Como hemos dicho con anterioridad repetidamente, no nos ocupamos aquí de la cuestión de si los ‘urafa’ han conseguido utilizar correctamente la inspiración provista por el Islam; nuestro propósito era considerar si la principal fuente de su inspiración se encuentra dentro o fuera del Islam.

  • 1. El Kitab al-Kafi fi ‘ilm al-din («Libro de lo Suficiente en el conocimiento de la religión») de Thiqat al-Islam Muhammad ibn Ya’qub al-Kulayni (muerto el año 940 d.c.) es una de las cuatro principales colecciones de tradiciones (ahadith) del Profeta y los Imames de Ahl al-bayt. (NTE).
  • 2. Esta súplica fue enseñada por el primer Imam Ali ibn Abi Talib a su compañero y seguidor Kumayl ibn Zyad. Es costumbre recitarla la noche de los viernes. Conviene advertir que para los musulmanes el día comienza con la puesta de sol, por lo que la noche precede a la mañana y tarde de cada día, correspondiendo, por lo tanto, la noche del viernes a la noche del jueves de los occidentales. (NTE).
  • 3. Esta súplica se atribuye al cuarto Imam Ali ibn al-Husayn Zayn al-Abidin, el cual se la habría enseñado a su compañero Abu Hamzah al-Thumali. Es costumbre recitarla durante las madrugadas del mes de Ramadán, antes de la comida que se toma previa al inicio del ayuno diario.
  • 4. La al-Sahifat al-Kamilah es una de las más famosas colecciones de súplicas. Se atribuye su autoría al cuarto Imam Ali ibn al-Husayn Zayn al-Abidin, y debido a su belleza y exaltación espiritual se la conoce también con el nombre de Zabur Al Muhammad o «los Salmos de la Familia de Muhammad». (NTE).
  • 5. Es decir, correspondientes al mes de Sha’ban, el octavo mes del calendario lunar islámico, durante el cual habitualmente se recitan. (Su traducción aparece al final del presente libro). (NTE).
  • 6. Abu Dharr fue uno de los más destacados Compañeros del Santo Profeta Muhammad y después de su fallecimiento incondicional seguidor de la causa de Ali ibn Abi Talib y Ahl al-Bayt. Murió en el año 31 de la era islámica.
  • 7. Mu’awiyah ibn Abi Sufyan fue gobernador de Siria durante el califato de ‘Uthman ibn ‘Affan, y a la muerte de éste —asesinado durante una revuelta contra su régimen— se negó a reconocer al nuevo califa ‘Ali ibn Abi Talib, alzándose en armas contra él y originando así la primera «fitnah» (sedición, guerra civil) en el seno de la comunidad islámica. Gracias a su astucia y falta de escrúpulos supo mantenerse firme en su posición y pudo así instaurar la que habría de ser la primera dinastía hereditaria de la historia del Islam, la dinastía omeya. (NTE).

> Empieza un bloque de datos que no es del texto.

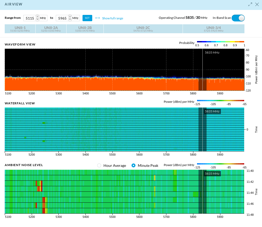 Spektrum analizi için ayrıca tahsis edilmiş bir radyo kart yardımıyla kablosuz bağlantınızın normal çalışmasını ve performansını etkilemeden arka planda çalışan airView teknolojisi; sürekli çevresel gürültü yoğunluğu izleme ve Enerji veri noktalarının gerçek zamanlı spektral görüntüsünü oluşturma özellikleri ile cihazlarınızın bulunduğu konum hakkındaki verileri; dalga biçimi, Şelale ve ortam gürültü grafikleri ile göresel hale getirerek cihazlarınızın çalıştığı bölge hakkında daha fazla bilgi sahibi olmanızı sağlayıp, link performansınızı arttırabilecek hareket planları geliştirmenize yardımcı olmaktadır.

  • 8. El fragmento entre paréntesis no lo cita el autor, sin embargo ha sido incluido aquí para situar la cita en su perspectiva original. Véase R. A. Nicholson, «Mysticism», en «The Legacy of Islam» (London 1931), editado por Sir Thomas Arnold y Alfred Guillaume, págs. 211-212. (Hay traducción española, «el Legado del Islam», ed. Pegaso, Madrid, 1958, págs. 267-268).

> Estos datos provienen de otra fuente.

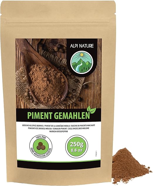Об этом продукте Душистый перец: Также известный как ямайский перец и миртовый перец, это высушенные плоды вечнозеленого тропического дерева (Pimmenta dioca). Он широко распространен в Центральной Америке. Испанские исследователи ошибочно приняли его за разновидность перца и поэтому назвали его «пименто». Высушенные ягоды обладают характерным вкусом корицы, гвоздики и мускатного ореха. Вкус всех ягод слегка пряный и насыщенный. 100% натуральный: Наш душистый перец не содержит добавленных консервантов или ароматизаторов — это 100% натуральный продукт. Качество на протяжении всей цепочки создания стоимости: Наш душистый перец тщательно собирается, бережно сушится и измельчается. Затем он упаковывается вручную. Производственный процесс подвергается постоянному контролю качества. Универсальное применение: Пименто используется в маринадах для мяса и рыбы, а также в различных заправках и соусах, например, для квашеной капусты. Добавьте одну-две чайные ложки муки для экзотического восточного вкуса. Упаковка с многоразовой застежкой: Пакет с многоразовой застежкой обеспечивает срок годности продукта и сохраняет его аромат.

  • 9. Véase R. A. Nicholson, «Mysticism», en «The Legacy of Islam» (London 1931), editado por Sir Thomas Arnold y Alfred Guillaume, págs. 211-212. (Hay traducción española, «el Legado del Islam», ed. Pegaso, Madrid, 1958, págs. 267-268).
  • 10. Véase R. A. Nicholson, «Mysticism», en «The Legacy of Islam» (London 1931), editado por Sir Thomas Arnold y Alfred Guillaume, pág. 214 (pág. 270 de la traducción española). Así es como aparece en el original. La cita del autor, que parece haber copiado de una defectuosa traducción persa de «The Legacy of Islam» dice: «La doctrina sufí de la unidad es mencionada, más que en cualquier otro lugar, en el Corán, y el Profeta también dice…» Nicholson está diciendo algo muy distinto de lo que el autor parece haber leído en la traducción persa que él empleó. (Nota del editor de la traducción inglesa).